Me smiling to mask my Demo Day exhaustion

My name is Matt and for the past nine weeks I’ve been a Program Intern at Matter. That means I observed firsthand the grueling efforts Matter Eight entrepreneurs invested to prepare for demo day. Beginning with Design Review 3 the week I joined Matter, and continuing through speaker series, office hours, and feedback sessions, I witnessed the core of Matter’s approach: to be on the cutting edge of design thinking, entrepreneurship, and media.

Before officially starting at Matter, I had only an abstract conception of what it means to be a mission-driven for-profit organization. The notion didn’t quite jive with the world I encountered previously. I currently serve as the President of the Board of Directors for the Daily Tar Heel, one of the oldest and most respected college media organizations in the country. Perhaps because of my experience in a nonprofit organization, my mind associates the words ‘mission-driven’ with nonprofits or poorly performing companies, stumbling to reconcile its mission with its margins. I was a skeptic. Fortunately, nine weeks of learning, doing, observing, and failing convinced me that thriving mission-driven companies like Matter not only exist, they are essential to economic and societal health.

Corey Ford, Matter’s Managing Director, put it best when he said this:

“We believe you can do good and do well. In fact, in this climate, we believe that if you don’t start by doing good, you will not do well.”
Corey Ford introducing Matter Eight teams at Demo Day in San Francisco

My summer also taught me that Matter’s staff actively practices the design thinking principles they preach — and they really do work. We regularly engage in ideation, feedback, empathy, prototyping, failing forward, and everything in between. And although the process didn’t feel natural at first (like I said, I was skeptic), I now can’t imagine work and innovation happening any other way. I believe that human-centered design is the most efficient and reliable way to build products for human use. Otherwise, you’re just throwing dull imaginary darts at a dartboard of faceless imaginary users. You’re designing specifically for yourself. Or worse yet, you’re trying to design for everyone.

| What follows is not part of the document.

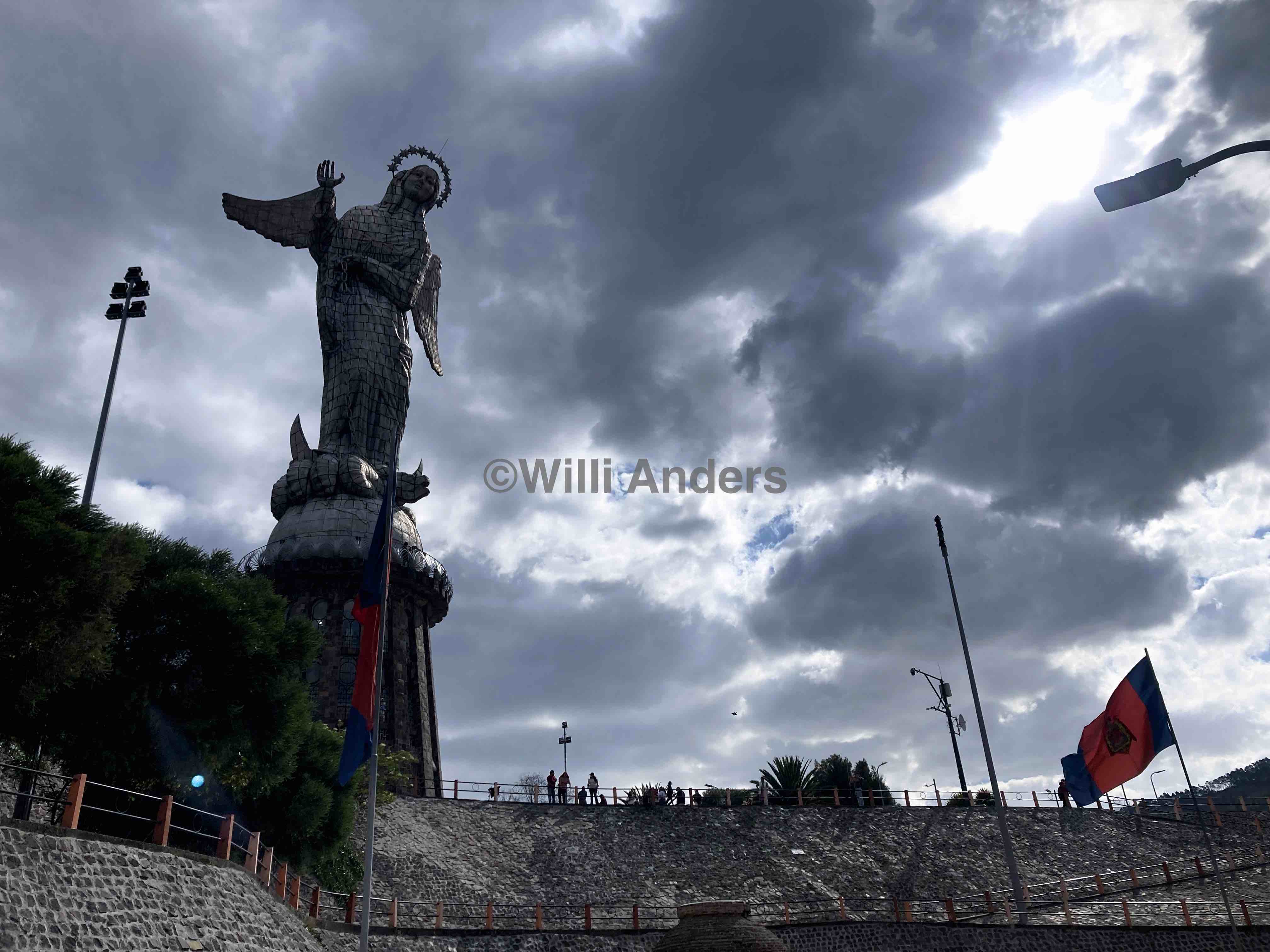 Allerdings war der Spanischunterricht nicht den gesamten Tag über, es waren immer vier Stunden und der Rest dann Freizeit. Die habe ich genutzt, um an einem Nachmittag mit meinem Mitfreiwilligen Tom zur "Virgen del Panecillo" zu düsen. Das ist die hiesige Statue der Jungfrau Maria, vielleicht vergleichbar mit der bekannten Christusstatue in Rio de Janeiro. Dieses Monument hier in Quito befindet sich jedenfalls auf einem Hügel (ja, in Anbetracht der umliegenden tatsächlichen Berge wie Pichincha und weitere, kann ich bei diesem für den durchschnittlichen Norddeutschen klar als Gebirge definierten Erdhaufen wirklich nur von "Hügel" sprechen) und von dort aus bietet sich eine phänomenale Aussicht über die gesamte Stadt. Es ist einfach nur ein unglaubliches Panorama: umringt von Quitos Straßen und Häusern, ein wenig entfernt noch die Skyline der Hochhäuser aber das alles dennoch eingekesselt von den Anden. Und gleichzeitig ist Quito als Stadt so länglich, dass selbst der Horizont noch Häuser zeigt. Es ist beeindruckend. Ursprünglich hatten wir übrigens geplant, den Weg hoch zur Statue zu Fuß zurückzulegen, davon wurde uns aber dringend abgeraten sofern wir zumindest nicht ausgeraubt werden wollten. Und überraschenderweise hatten wir darauf tatsächlich eher weniger Lust, weswegen wir uns ein Taxi genommen haben. Das klingt erstmal nach klassisch "wohlstandsverwahrloster Europäer" und das ist es vermutlich auch irgendwie. Andererseits sind Taxis und Fortbewegungsmittel im Allgemeinen hier brutal günstig und so kann ich vollen Ernstes sagen: das waren die bestinvestierten $2.21 unseres Lebens!

Back to that caffeine-fueled June morning. If you were in the room on demo day, you certainly experienced, as I did, what Matter is all about. Matter invests in early stage media startups that are working to build a more informed, empathetic, and inclusive society. Each founder that presented is dedicated to at least one of those goals.

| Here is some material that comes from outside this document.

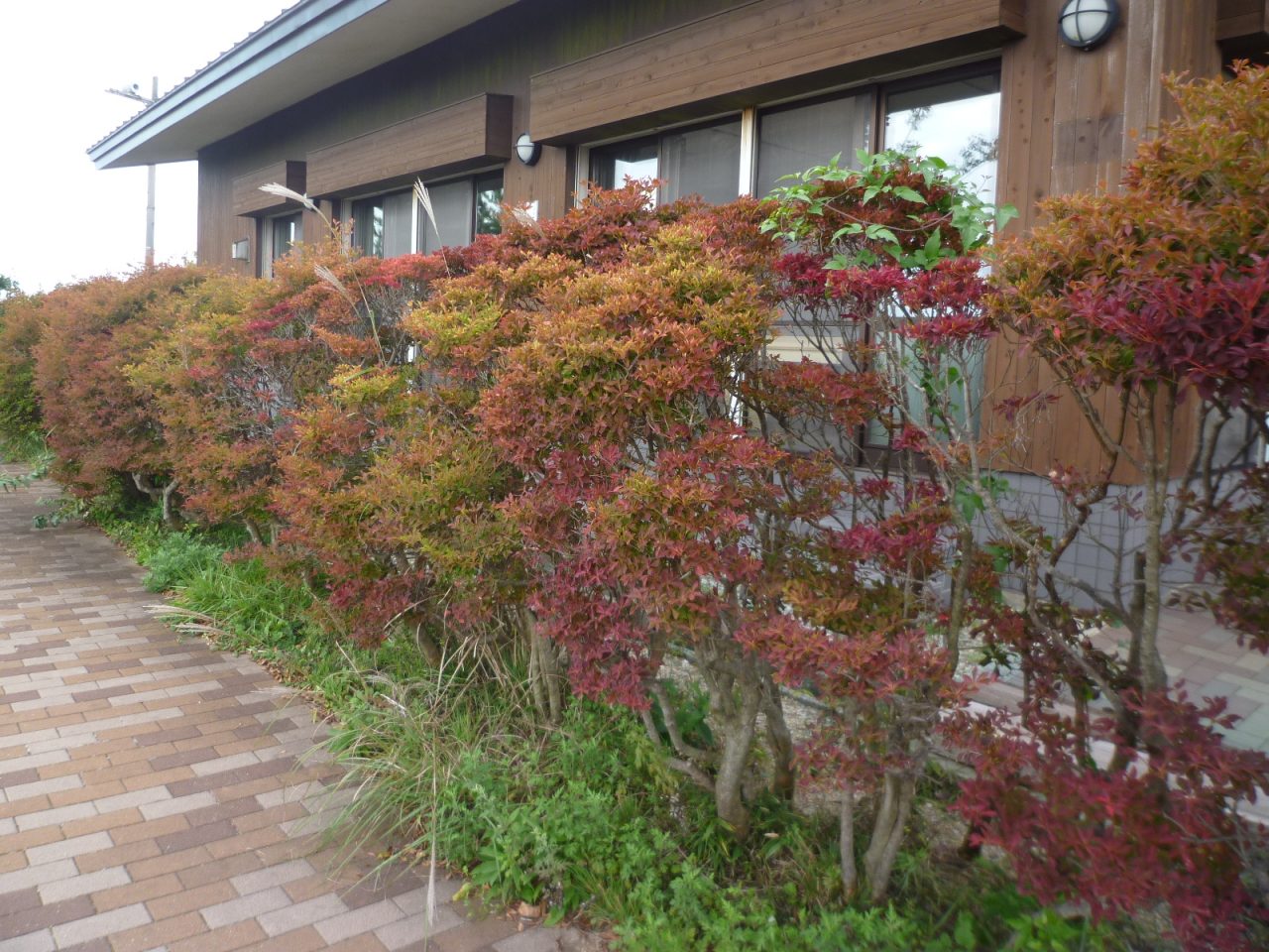ビジターセンターの園庭では、紅葉したドウダンツツジ・カシワバアジサイ、風に吹かれてなびいているススキ、赤いサネカズラの実など見どころ満載ですよ。紅葉はまだまだですが、来てくださいね。

On Demo Day, the first entrepreneur began her pitch directly after Corey’s introduction. Hebah Fisher is the founder and CEO of Kerning Cultures, a podcast dedicated to storytelling in the Middle East. For people living outside of the region, Kerning Cultures aims to upend stereotypes perpetuated by media portrayals of Middle Eastern and North African politics. For Middle Eastern listeners, Kerning Cultures tells stories that people can see themselves in. The stories that Hebah and her team tell inform audiences, construct empathy, and include voices that aren’t represented in traditional Middle Eastern media outlets.

Hebah Fisher presenting at Matter Eight Demo Day in San Francisco

The twelve Matter Eight teams have little in common beyond this: they are building a more informed, empathetic, and inclusive society. Every pitch after Hebah’s shared these themes.

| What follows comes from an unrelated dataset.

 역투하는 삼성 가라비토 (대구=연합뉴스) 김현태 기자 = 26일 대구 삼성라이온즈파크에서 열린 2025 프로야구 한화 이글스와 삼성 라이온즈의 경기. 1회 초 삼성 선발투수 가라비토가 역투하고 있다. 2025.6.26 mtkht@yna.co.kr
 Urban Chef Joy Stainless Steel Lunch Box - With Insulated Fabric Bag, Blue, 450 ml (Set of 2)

Sadly, my time at Matter is quickly coming to a close this week. I’m incredibly grateful for the opportunity to intern at Matter, an environment that is lively, interesting, and ever changing. Matter has the perfect blend of expertise, entrepreneurial spirit, and whimsy. On my first day I was told to embrace any task, big or small. That’s exactly what happens here each day.

My departure from Matter is bittersweet. It’s bitter in the sense that I no longer get the chance to work alongside the amazing, passionate Matter community every day. But I do get to carry my experiences back to UNC and the Daily Tar Heel for my senior year. In a futile attempt to summarize all that I’ve learned during my time here, I’m left with this: Do good, do well, and always stick to your values.